** Aim of the exercise **
Each record should be given again exactly, and any picture in it left out.

** Supplied information **
↓↓↓

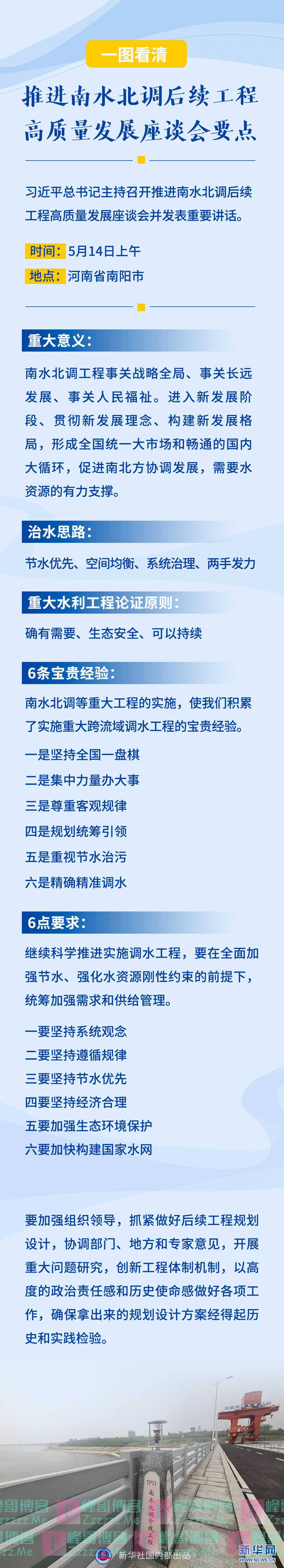 这次座谈会上,总书记对推进南水北调后续工程高质量发展提出了6点要求。
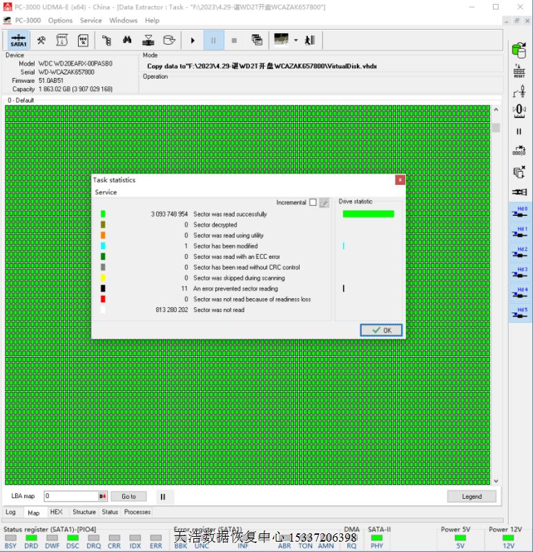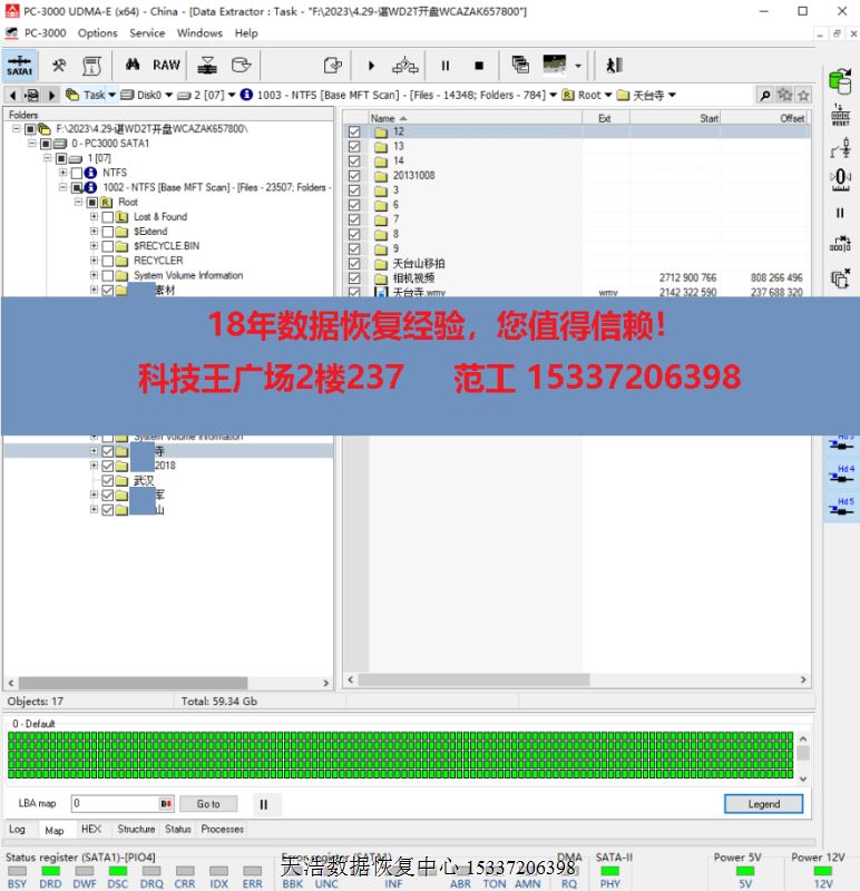 解决方案:收到硬盘后,接到数据恢复工具ACE PC3000 UDMA EXPRESS上,通电硬盘认盘,全盘坏道,检测发现5头损坏,在无尘环境开盘更换兼容的磁头,再接到ACE PC3000 UDMA EXPRESS上,通电硬盘正常认盘,数据区前后均能正常访问,DE分头镜像,成功恢复客户硬盘内几乎全部重要数据!
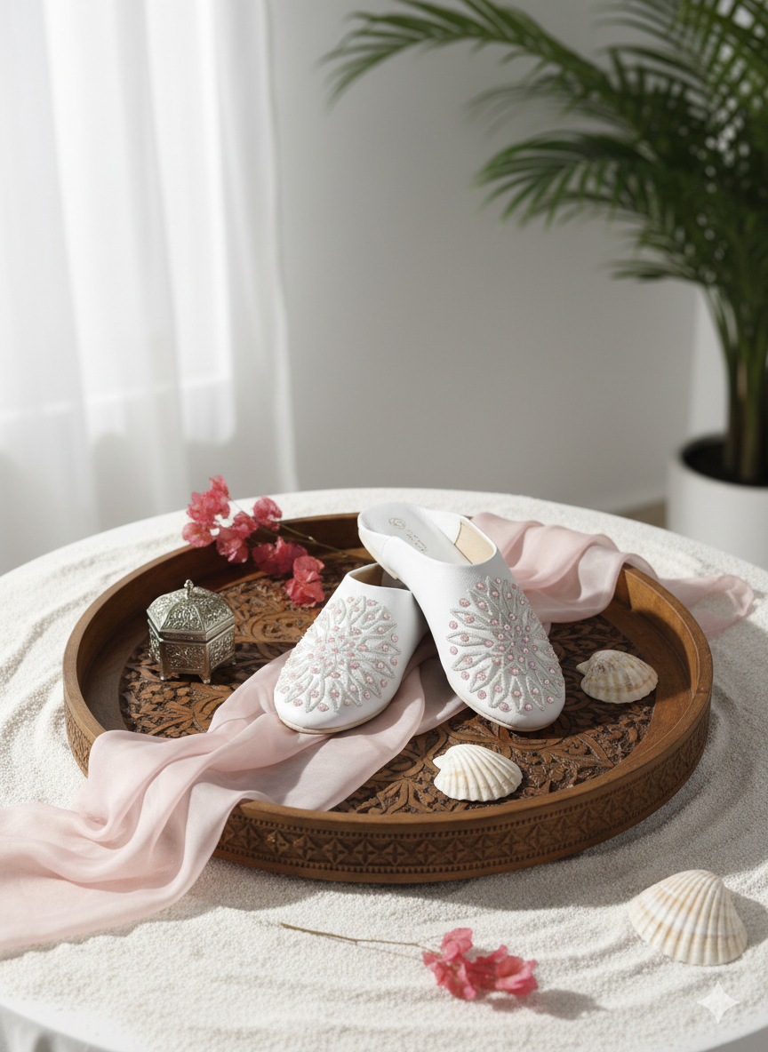 Pour créer les babouche que vous voyez ici, j’ai sélectionné un cuir de chèvre de premier choix, souple et résistant. Ce modèle pour femmes se distingue par ses motifs géométriques brodés avec une précision incroyable, offrant un look à la fois bohème et luxueux.
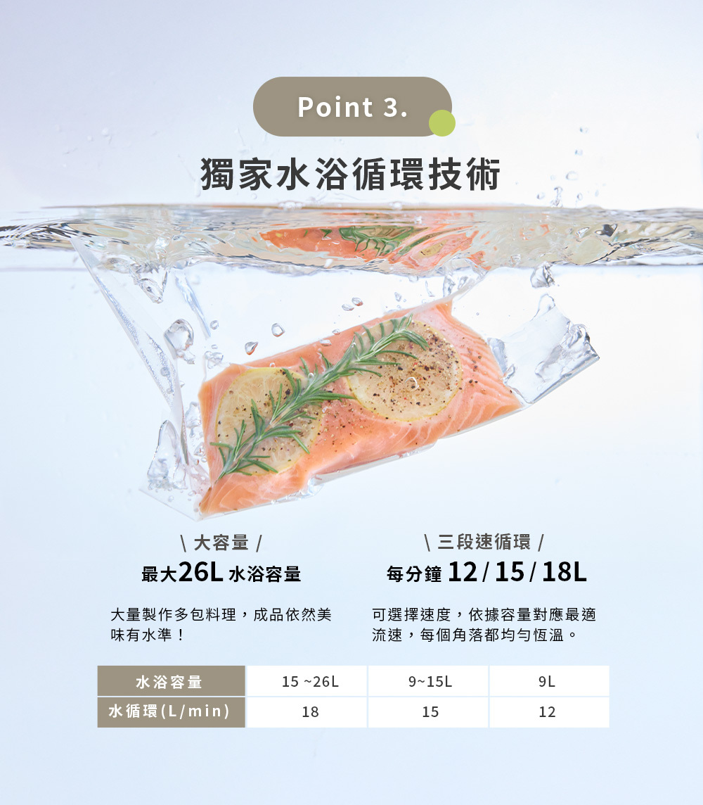.3段水流 3種水循環選擇:每分鐘12/15/18L
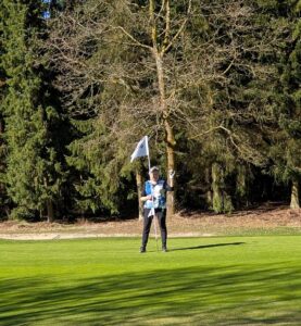 STORT tillykke til Vibeke, som for det flotte slag, modtog en flaske whisky, som er sponsoreret af Trehøje Golfcafé.
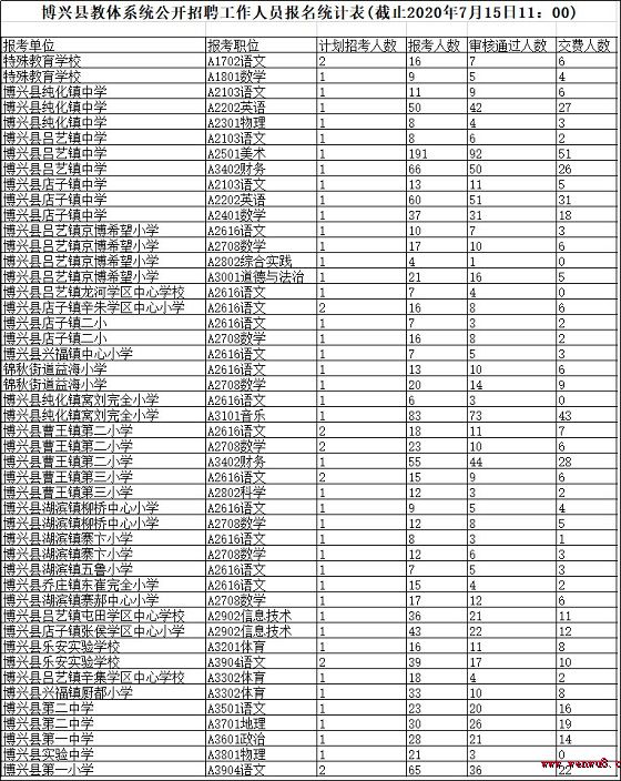 2020年山東濱州博興縣教體系統(tǒng)公開招聘工作人員報名統(tǒng)計表(截止2020年7月15日11:00)
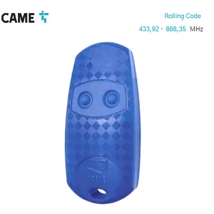 Diaľkový ovládač k pohonom CAME 2-kanálový. 433,92 + 868MHz, plávajúci kód. Priama náhrada za predchádzajúce modely CAME ATO2 a CAME ATO2 EV. Originál priamo od Talianskeho výrobcu Came. Nahraje sa priamo do príjimača na motore. Nedá sa kopírovať z ovládača do ovládača !!! Na diaľkový ovládač je možné nahrať až 2 rôzne pohony Came.
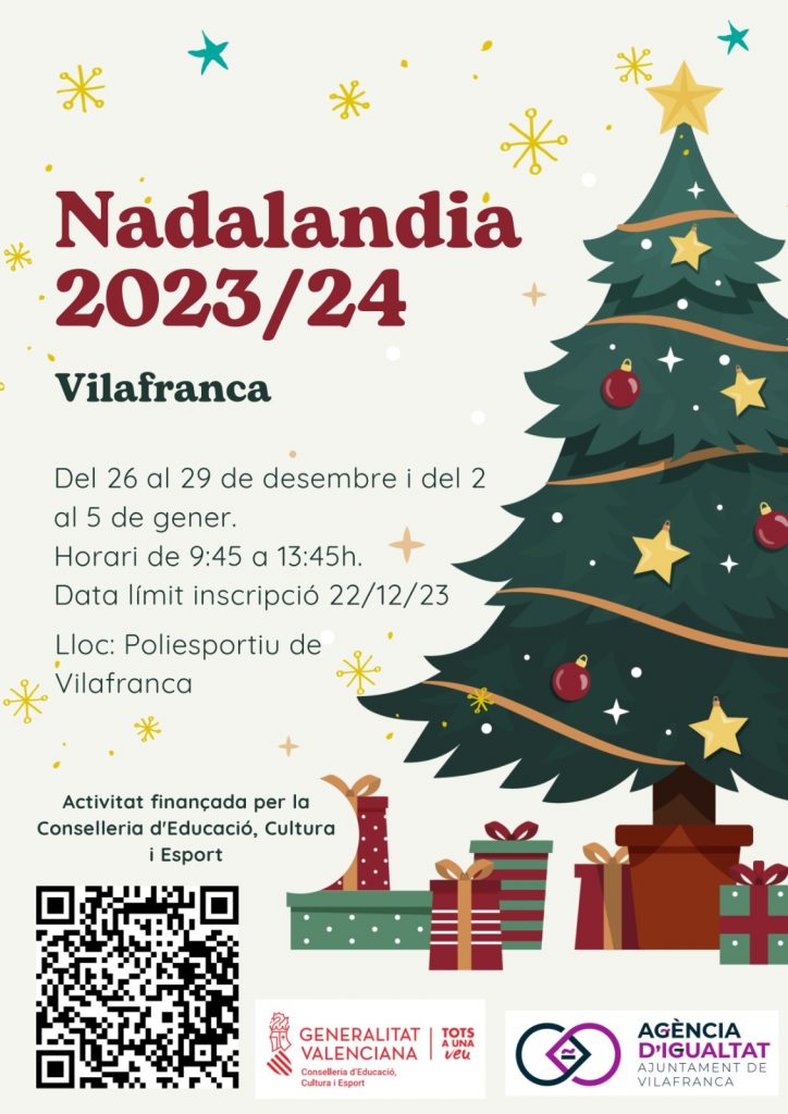 L’Agència d’Igualtat de l’Ajuntament de Vilafranca ha portat a terme Nadalandia 2023, l’Escola de Nadal del municipi, activitat finançada per la conselleria d’Educació, Cultura i Esport de la Generalitat Valenciana. Amb 82 xiquets i xiquetes inscrits, l’Escola de Nadal ofereix a vilafranquins i vilafranquines una conciliació familiar més fàcil.
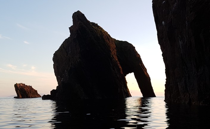 Vi sitter där och ylar tillsammans en stund innan vi återvänder till vår sida av ön. Nu hör vi även sälarna från andra sidan viken, och när vi sitter där i skymningen och spanar ut mot Atlanten i hopp om att få en skymt av den där valen igen dyker istället några delfiner upp bakom båten. Vi ser ofta delfiner, men att ha dem runt sig så här i ankarviken, det är mycket ovanligt.
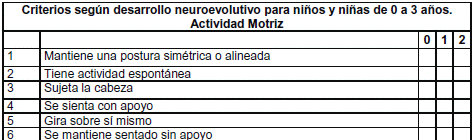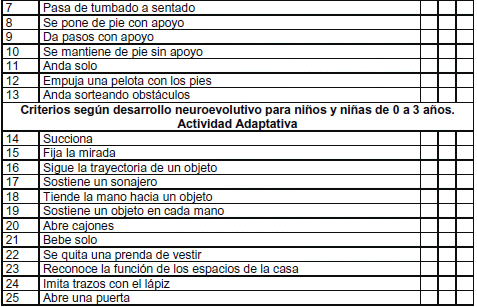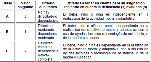Trata sobre la valoración para niños y niñas de 0 a 3 años, con base en el desarrollo neuroevolutivo propio de esta etapa del ciclo vital. Para su aplicación se tiene en cuenta la actividad motriz y la actividad adaptativa, de acuerdo con la escala de calificación dada en la tabla 11. Para esto, se utilizan las 25 categorías expuestas en la tabla 12.

↑↑↑

** Solution to this task **
 这次座谈会上,总书记对推进南水北调后续工程高质量发展提出了6点要求。
 解决方案:收到硬盘后,接到数据恢复工具ACE PC3000 UDMA EXPRESS上,通电硬盘认盘,全盘坏道,检测发现5头损坏,在无尘环境开盘更换兼容的磁头,再接到ACE PC3000 UDMA EXPRESS上,通电硬盘正常认盘,数据区前后均能正常访问,DE分头镜像,成功恢复客户硬盘内几乎全部重要数据!
 Pour créer les babouche que vous voyez ici, j’ai sélectionné un cuir de chèvre de premier choix, souple et résistant. Ce modèle pour femmes se distingue par ses motifs géométriques brodés avec une précision incroyable, offrant un look à la fois bohème et luxueux.
.3段水流 3種水循環選擇:每分鐘12/15/18L
 STORT tillykke til Vibeke, som for det flotte slag, modtog en flaske whisky, som er sponsoreret af Trehøje Golfcafé.
 2020年山東濱州博興縣教體系統(tǒng)公開招聘工作人員報名統(tǒng)計表(截止2020年7月15日11:00)
 Diaľkový ovládač k pohonom CAME 2-kanálový. 433,92 + 868MHz, plávajúci kód. Priama náhrada za predchádzajúce modely CAME ATO2 a CAME ATO2 EV. Originál priamo od Talianskeho výrobcu Came. Nahraje sa priamo do príjimača na motore. Nedá sa kopírovať z ovládača do ovládača !!! Na diaľkový ovládač je možné nahrať až 2 rôzne pohony Came.
 L’Agència d’Igualtat de l’Ajuntament de Vilafranca ha portat a terme Nadalandia 2023, l’Escola de Nadal del municipi, activitat finançada per la conselleria d’Educació, Cultura i Esport de la Generalitat Valenciana. Amb 82 xiquets i xiquetes inscrits, l’Escola de Nadal ofereix a vilafranquins i vilafranquines una conciliació familiar més fàcil.
 Vi sitter där och ylar tillsammans en stund innan vi återvänder till vår sida av ön. Nu hör vi även sälarna från andra sidan viken, och när vi sitter där i skymningen och spanar ut mot Atlanten i hopp om att få en skymt av den där valen igen dyker istället några delfiner upp bakom båten. Vi ser ofta delfiner, men att ha dem runt sig så här i ankarviken, det är mycket ovanligt.
Trata sobre la valoración para niños y niñas de 0 a 3 años, con base en el desarrollo neuroevolutivo propio de esta etapa del ciclo vital. Para su aplicación se tiene en cuenta la actividad motriz y la actividad adaptativa, de acuerdo con la escala de calificación dada en la tabla 11. Para esto, se utilizan las 25 categorías expuestas en la tabla 12.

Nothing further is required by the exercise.